Он протянул мне два заверенных шаровидными печатями пергамена. Ошеломленный, я читал. Подделка была мастерской, первая булла учреждала в Британии особую судебную палату для разбирательства исключительно церковных дел, не подчиненную указам монарха, вторая легализовала продажу индульгенций в Британии, Ирландии, Низинах и Хайленде.
Ошалев, я читал:
-… Маммон же грешный, сиречь мзду, от продаж полученную, приказываю отпускать на нужды неимущих калек, а так же на учреждение сиротских домов и приходских школ, где каждый, независимо от происхождения получит знания грамоты, счета и катехизиса.
Весопляс устало присел на пороге. Ноэми без стыда потягивалась нагая напротив окна, пропускала солнце сквозь каждую частичку совершенного тела, он не смотрел на нее.
- Наши дела не так хороши, как кажется. - сказал Весопляс - Кентерберийский как дите малое, ей-богу - на днях ему прислали из Голландии новый состав запальной смеси - так он весь изводится, кого бы сжечь поэффектнее. Им что - они играют… Игра, господин мой, такая штука… Она паленым мясом не смердит и Бог за игру не спросит… - казалось он бредит, - шотландцы - хайлендеры скучают - Воллес после фарса на площади нужен всем, как муха в августе. Толку чуть - притащился с горя ко двору, вызвал Эдуарда на поединок. Проиграл конечно. Выходили, снова выгнали на все четыре стороны. Игра, господин мой. Здесь все понарошку. Не убивают, не любят, не умирают. Зря Плакса вылез со своим канделябром. Тоже мне - свет с востока. Ищут его. Как найдут, обвинят в незаконной проповеди и склонении к ереси. Вот и представится случай опробывать голландскую новинку. Кто заметит маленькую подделку… Проверять никто не станет.

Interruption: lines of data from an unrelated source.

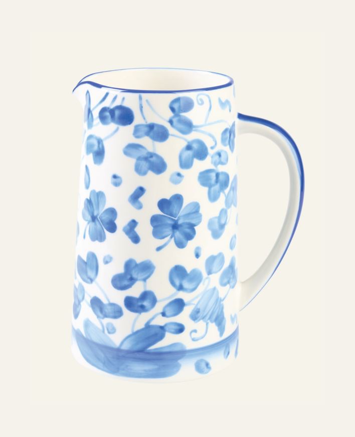 Nydelig, håndmalt mugge med kløvermønster i varme røde toner. En stemningsfull detalj til borddekking og servering. Kombiner med andre deler i serien for et helhetlig uttrykk.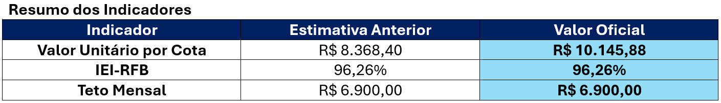 Em 3 de fevereiro de 2026, publicamos uma nota (Leia AQUI) com as projeções para o BE que seria pago em março 2026, baseadas nas informações disponíveis até então. Agora, com o conhecimento dos valores oficiais, confirmamos que o Valor Unitário por Cota Devido ao ATRFB foi estabelecido em R$ 10.145,88, significativamente superior aos R$ 8.368,40 estimados. O Limite Mensal Atribuído aos ATRFB permanece em R$ 6.900,00.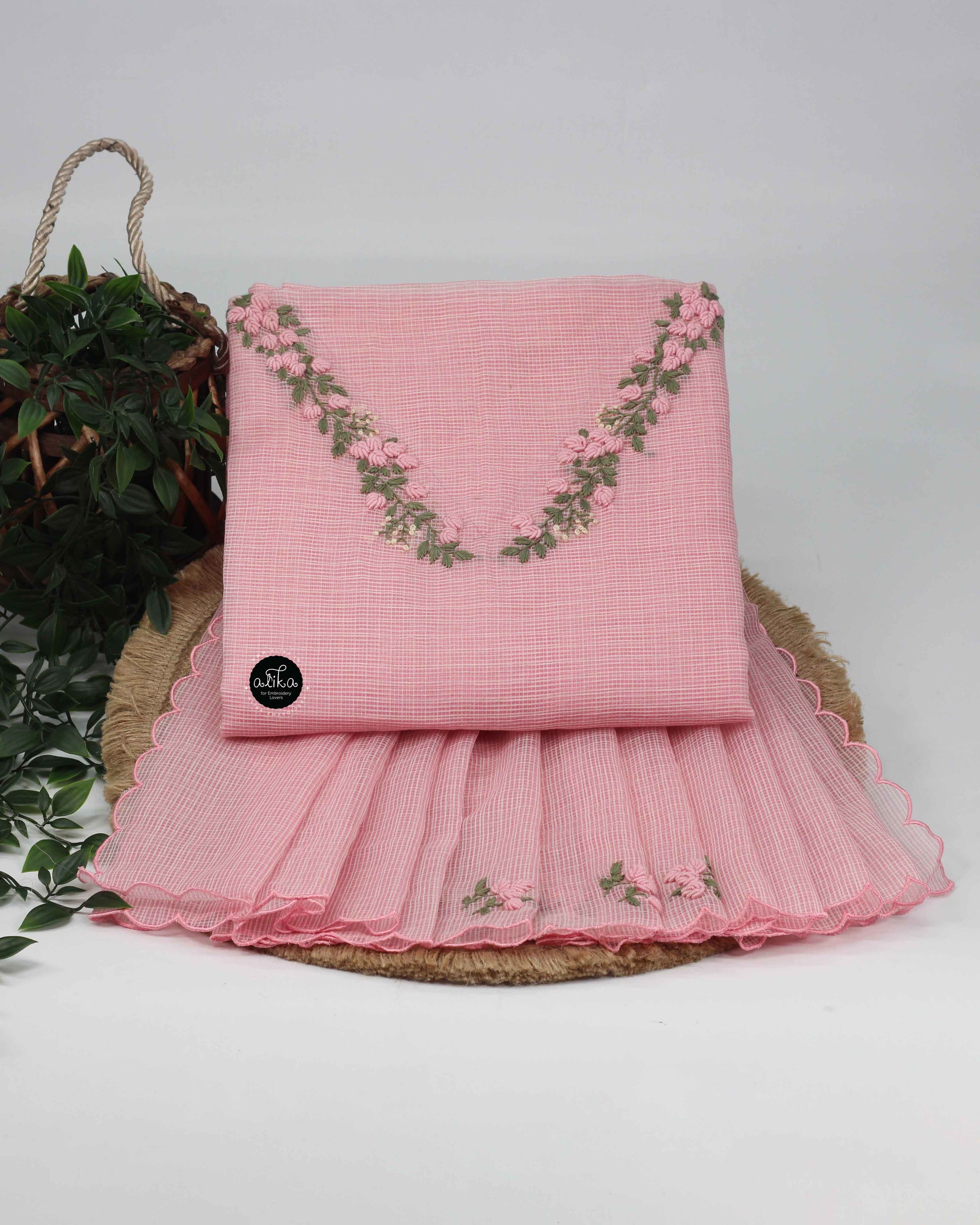 Light Pink Kota Unstitched Top & Dupatta Set with Floral Bullion Hand Embroidery – Alika Fashion Store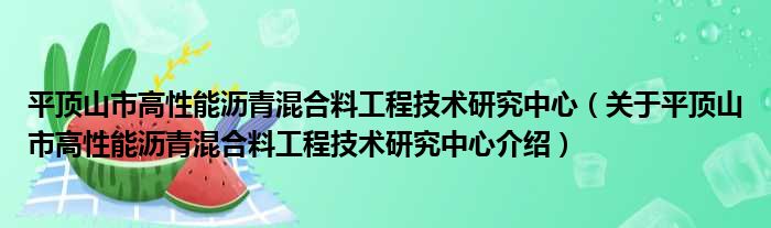 平頂山市高性能瀝青混合料工程技術研究中心(關于平頂山市高性能瀝青混合料工程技術研究中心介紹)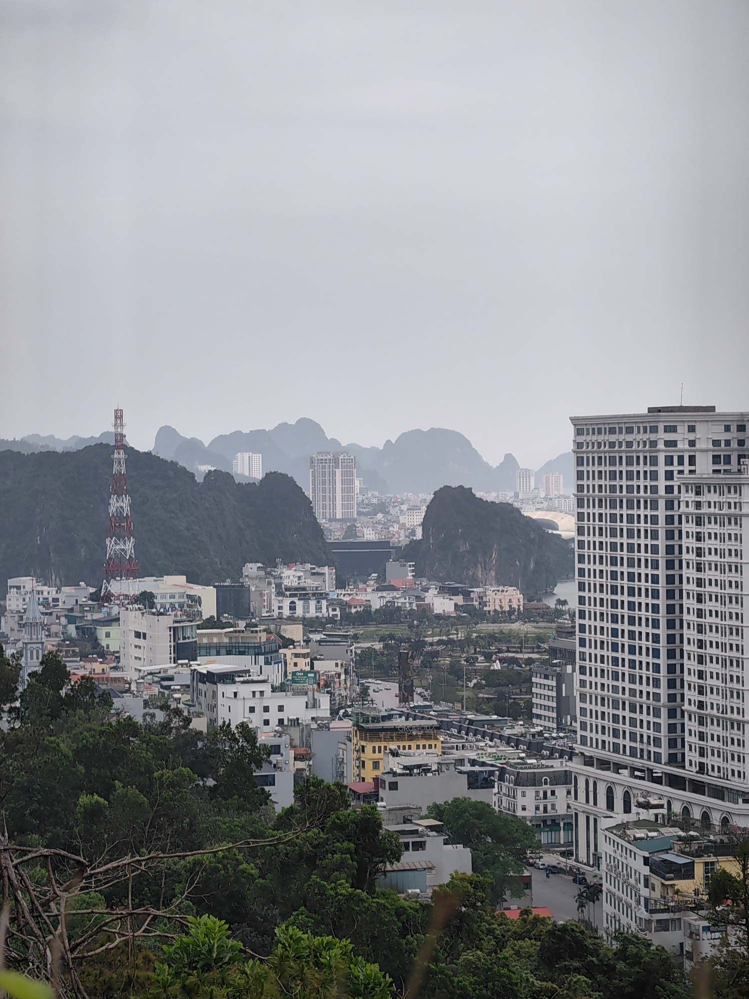 This image captures a panoramic, hazy daytime view of an urban landscape set against dramatic karst topography, consistent with Hong Gai Ward, Vietnam. In the immediate foreground, dark green tree fo…read more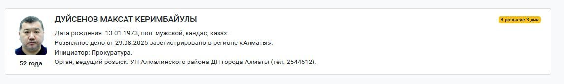 Қазақстанның бұрынғы Бас көлік прокуроры Мақсат Дүйсенов үш күннен бері іздеуде жүр. Бұл туралы ақпарат құқықтық статистика комитетінің базасында жарияланды, деп хабарлайды Orda.kz.

- Ты с ума сошел… Нас сварят живьем за подложные грамоты. - я готов был сжечь пусть даже и копии фальшивых булл.
- Им нет до нас никакого дела. Это - игра.
- Ты плохо кончишь, мальчик, - пропела Ноэми и стала медленно ополаскивать померанцевой водой из таза напряженное бедро.
Так, моя суженая, я был впутан в страшное и неправое дело и на долгое время стал голосом Папства в Британии.
Я … И в то же время не я.
Но я владел Ноэми и ничто больше не привлекало меня.
- Бог с тобой, Весопляс. Пшел вон. Я занят.
Юноша поклонился и вышел.
Теперь позволь мне отвлечься, моя утраченная.
В то время, пока я творил любовь в Ньюкасле, с кораблика под брусничными парусами сошел, озираясь тревожно, по - косульи, брат Алессио - авиньонский сдобный секретарек твердокаменного кардинала Бернардо Антониони.
В охрану ему отписали троих лучников из римской семьи баронов Колонна.
Белея от морской болезни и сухопутных переживаний, авиньонский щеголь приближался к Глазго, потея в бархатном коробе портшеза, который тащили два мула.
Со времен нашей встречи он пополнел, но остался большим ребенком - баловнем. В поясной сумке его дремали верительные грамоты и фунтик с леденцами - брат Алессио был сладкоежкой. Никакой горести земной не знал Алессио, мягко спал, вкусно ел, да купал пуховую рассыпчатую плоть в ослином молоке дважды в неделю.
Но дороги потянулись пыльные, полынные, туманные, черничные…
Страшно.
На шее у Алессио вздрагивал медальончик мещанского вида, заключавший в оправу материнский миниатюрный портрет и локон выцветших волос.